= Task prompt =
Your task is to return the listing below word for word, without any of its images.

= Given information =
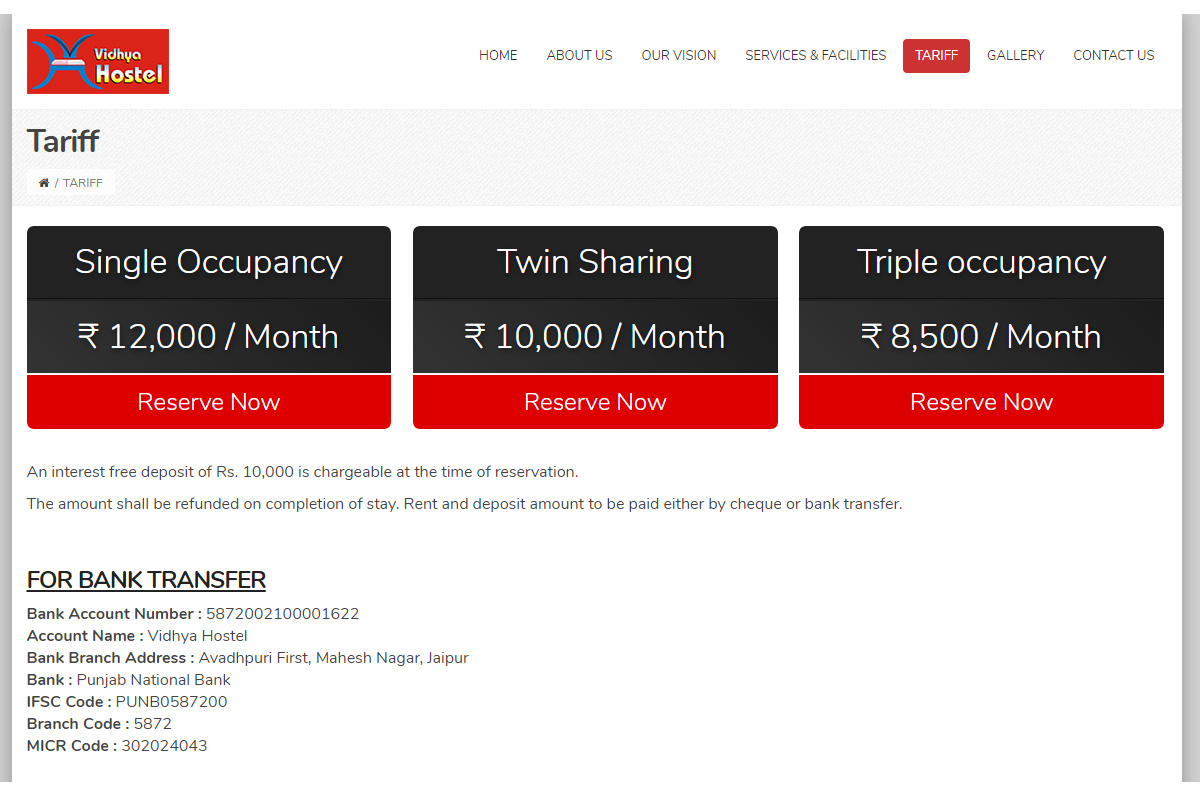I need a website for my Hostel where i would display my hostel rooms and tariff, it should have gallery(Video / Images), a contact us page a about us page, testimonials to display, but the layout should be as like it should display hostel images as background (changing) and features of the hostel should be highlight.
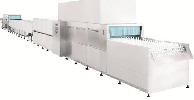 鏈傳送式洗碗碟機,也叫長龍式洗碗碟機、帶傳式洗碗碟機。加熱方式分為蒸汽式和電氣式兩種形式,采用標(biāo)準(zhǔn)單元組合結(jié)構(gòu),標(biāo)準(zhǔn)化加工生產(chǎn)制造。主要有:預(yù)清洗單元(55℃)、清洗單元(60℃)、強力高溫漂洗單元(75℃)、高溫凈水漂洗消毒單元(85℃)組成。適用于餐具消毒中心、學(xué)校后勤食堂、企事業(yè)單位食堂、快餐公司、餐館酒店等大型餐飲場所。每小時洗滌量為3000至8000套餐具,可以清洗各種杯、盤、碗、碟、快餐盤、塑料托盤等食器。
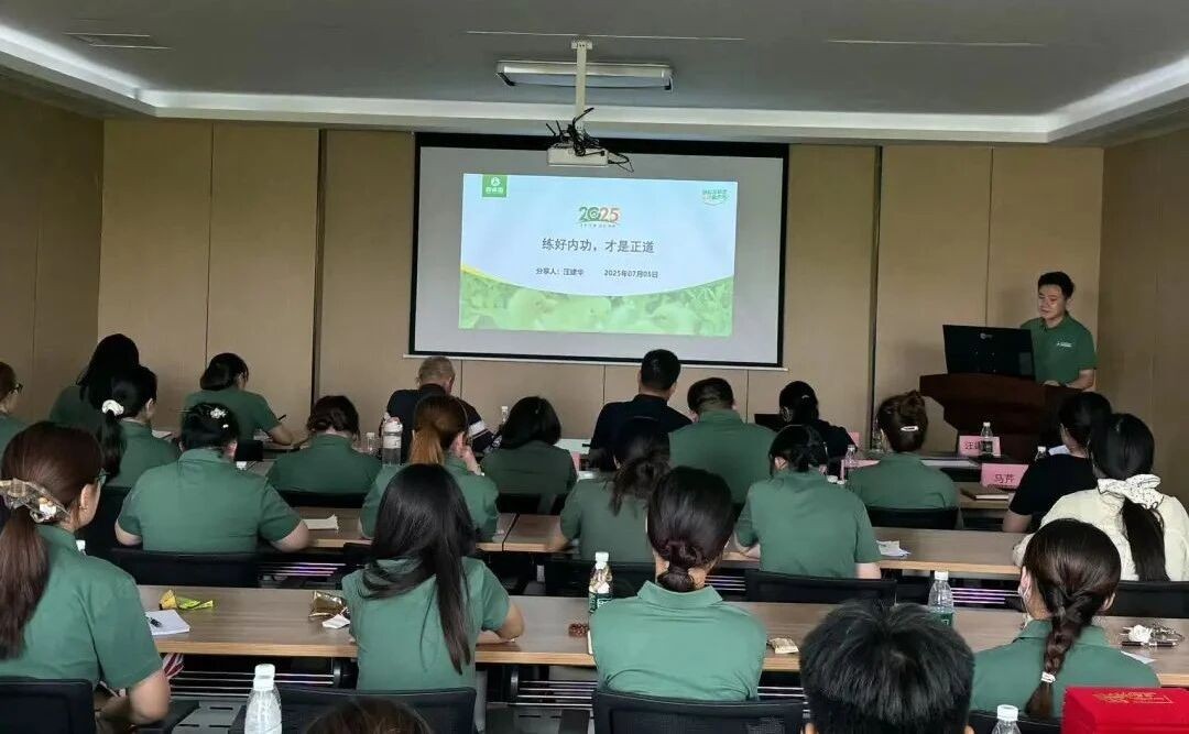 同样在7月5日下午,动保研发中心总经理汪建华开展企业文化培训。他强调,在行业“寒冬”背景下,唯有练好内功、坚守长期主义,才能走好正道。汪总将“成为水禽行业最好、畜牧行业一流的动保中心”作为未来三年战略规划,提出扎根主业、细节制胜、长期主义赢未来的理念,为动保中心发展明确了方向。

= Result below =
I need a website for my Hostel where i would display my hostel rooms and tariff, it should have gallery(Video / Images), a contact us page a about us page, testimonials to display, but the layout should be as like it should display hostel images as background (changing) and features of the hostel should be highlight.
 鏈傳送式洗碗碟機,也叫長龍式洗碗碟機、帶傳式洗碗碟機。加熱方式分為蒸汽式和電氣式兩種形式,采用標(biāo)準(zhǔn)單元組合結(jié)構(gòu),標(biāo)準(zhǔn)化加工生產(chǎn)制造。主要有:預(yù)清洗單元(55℃)、清洗單元(60℃)、強力高溫漂洗單元(75℃)、高溫凈水漂洗消毒單元(85℃)組成。適用于餐具消毒中心、學(xué)校后勤食堂、企事業(yè)單位食堂、快餐公司、餐館酒店等大型餐飲場所。每小時洗滌量為3000至8000套餐具,可以清洗各種杯、盤、碗、碟、快餐盤、塑料托盤等食器。
 同样在7月5日下午,动保研发中心总经理汪建华开展企业文化培训。他强调,在行业“寒冬”背景下,唯有练好内功、坚守长期主义,才能走好正道。汪总将“成为水禽行业最好、畜牧行业一流的动保中心”作为未来三年战略规划,提出扎根主业、细节制胜、长期主义赢未来的理念,为动保中心发展明确了方向。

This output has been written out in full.